■ Work task: Among the entries below, only the lines from the one with "商业生态系统发展已经体现出这" through the one with "基础化工行业研究周报:工信部" are wanted, reproduced exactly. Pictures are not wanted.

■ Data provided:
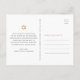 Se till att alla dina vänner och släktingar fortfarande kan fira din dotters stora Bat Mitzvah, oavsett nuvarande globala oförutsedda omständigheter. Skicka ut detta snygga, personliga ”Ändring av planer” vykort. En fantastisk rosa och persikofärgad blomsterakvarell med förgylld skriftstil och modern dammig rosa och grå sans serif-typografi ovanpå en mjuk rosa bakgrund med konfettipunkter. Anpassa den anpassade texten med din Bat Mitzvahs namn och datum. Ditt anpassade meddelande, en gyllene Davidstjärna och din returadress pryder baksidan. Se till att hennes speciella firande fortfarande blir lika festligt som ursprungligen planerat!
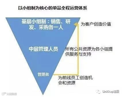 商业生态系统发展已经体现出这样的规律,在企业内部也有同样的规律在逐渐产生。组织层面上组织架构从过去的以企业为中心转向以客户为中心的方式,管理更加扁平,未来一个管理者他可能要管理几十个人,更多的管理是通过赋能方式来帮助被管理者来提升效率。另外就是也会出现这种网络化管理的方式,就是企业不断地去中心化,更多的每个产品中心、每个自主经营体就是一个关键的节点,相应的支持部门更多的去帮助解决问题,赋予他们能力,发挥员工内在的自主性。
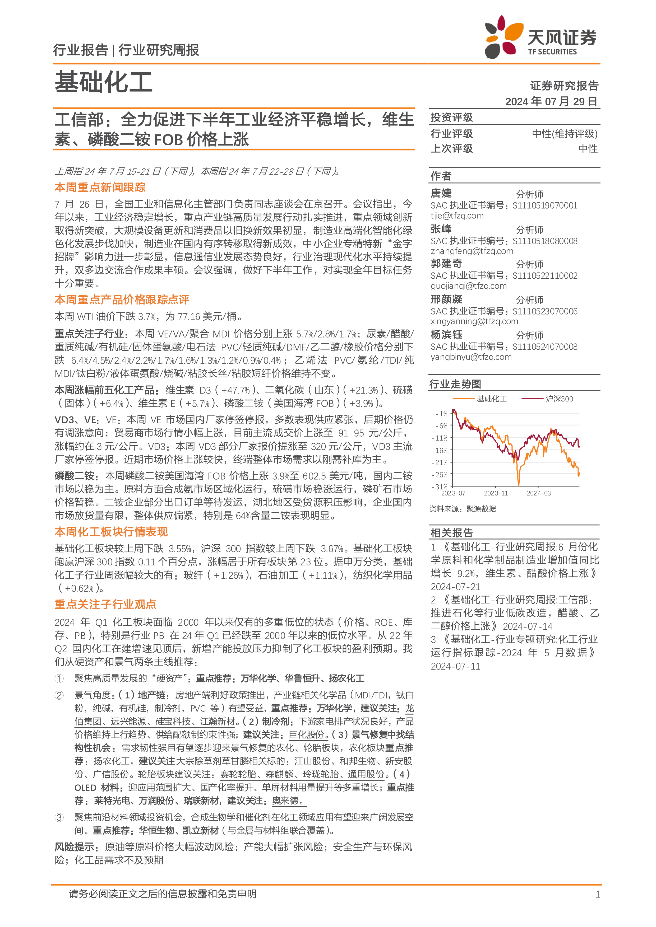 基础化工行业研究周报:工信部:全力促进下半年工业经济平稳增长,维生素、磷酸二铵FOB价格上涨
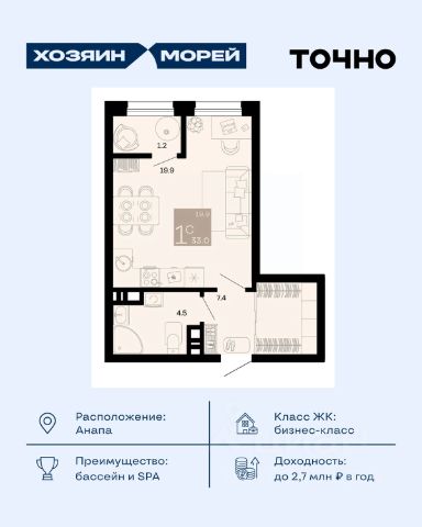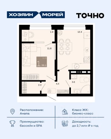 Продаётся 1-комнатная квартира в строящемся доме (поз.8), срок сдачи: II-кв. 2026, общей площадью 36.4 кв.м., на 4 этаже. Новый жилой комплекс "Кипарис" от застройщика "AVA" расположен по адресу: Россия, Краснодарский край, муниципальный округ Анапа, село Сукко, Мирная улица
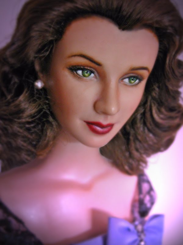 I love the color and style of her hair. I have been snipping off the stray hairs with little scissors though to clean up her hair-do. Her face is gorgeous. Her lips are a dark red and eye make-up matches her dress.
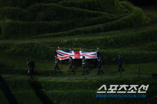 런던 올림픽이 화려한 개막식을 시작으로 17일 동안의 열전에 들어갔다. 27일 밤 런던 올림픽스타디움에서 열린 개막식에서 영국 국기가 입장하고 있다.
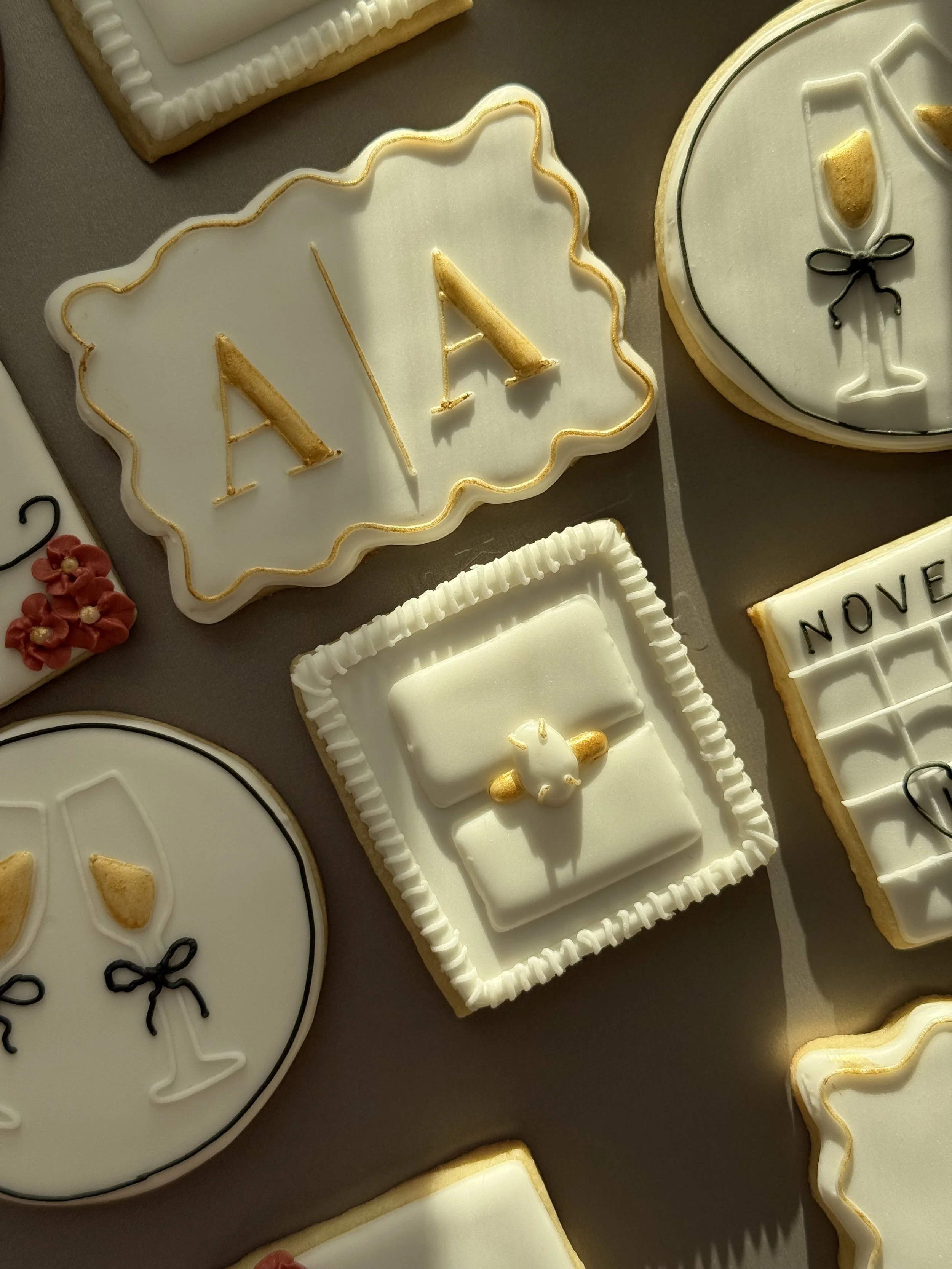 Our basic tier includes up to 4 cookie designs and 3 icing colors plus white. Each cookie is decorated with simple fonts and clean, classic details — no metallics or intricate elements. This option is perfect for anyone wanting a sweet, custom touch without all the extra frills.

...

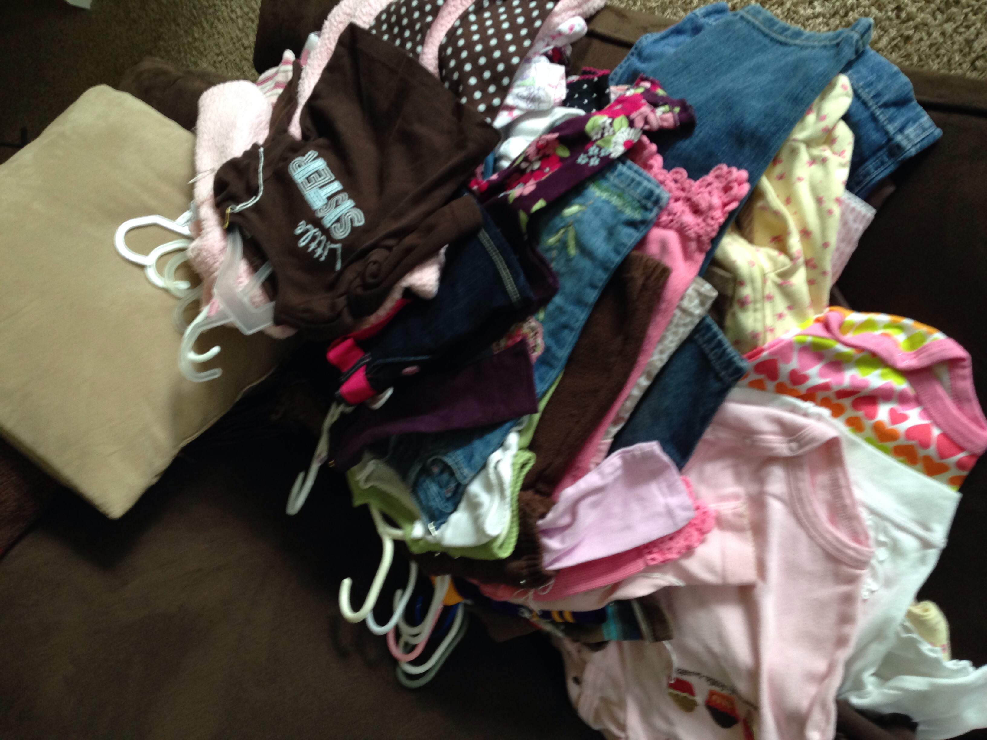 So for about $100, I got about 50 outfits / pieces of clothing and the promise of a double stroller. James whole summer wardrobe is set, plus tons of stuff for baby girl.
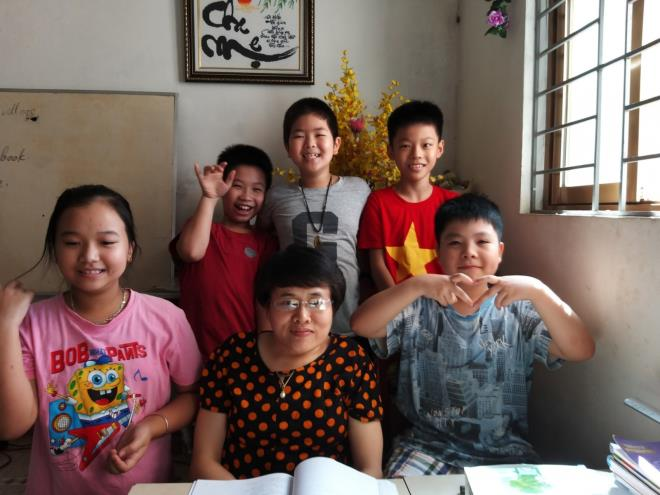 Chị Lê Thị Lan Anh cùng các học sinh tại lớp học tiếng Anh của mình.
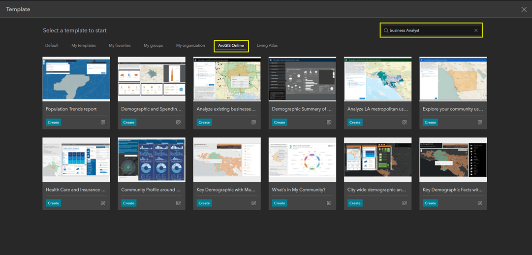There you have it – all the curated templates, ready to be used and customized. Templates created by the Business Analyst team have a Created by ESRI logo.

■ Task response:
 商业生态系统发展已经体现出这样的规律,在企业内部也有同样的规律在逐渐产生。组织层面上组织架构从过去的以企业为中心转向以客户为中心的方式,管理更加扁平,未来一个管理者他可能要管理几十个人,更多的管理是通过赋能方式来帮助被管理者来提升效率。另外就是也会出现这种网络化管理的方式,就是企业不断地去中心化,更多的每个产品中心、每个自主经营体就是一个关键的节点,相应的支持部门更多的去帮助解决问题,赋予他们能力,发挥员工内在的自主性。
 基础化工行业研究周报:工信部:全力促进下半年工业经济平稳增长,维生素、磷酸二铵FOB价格上涨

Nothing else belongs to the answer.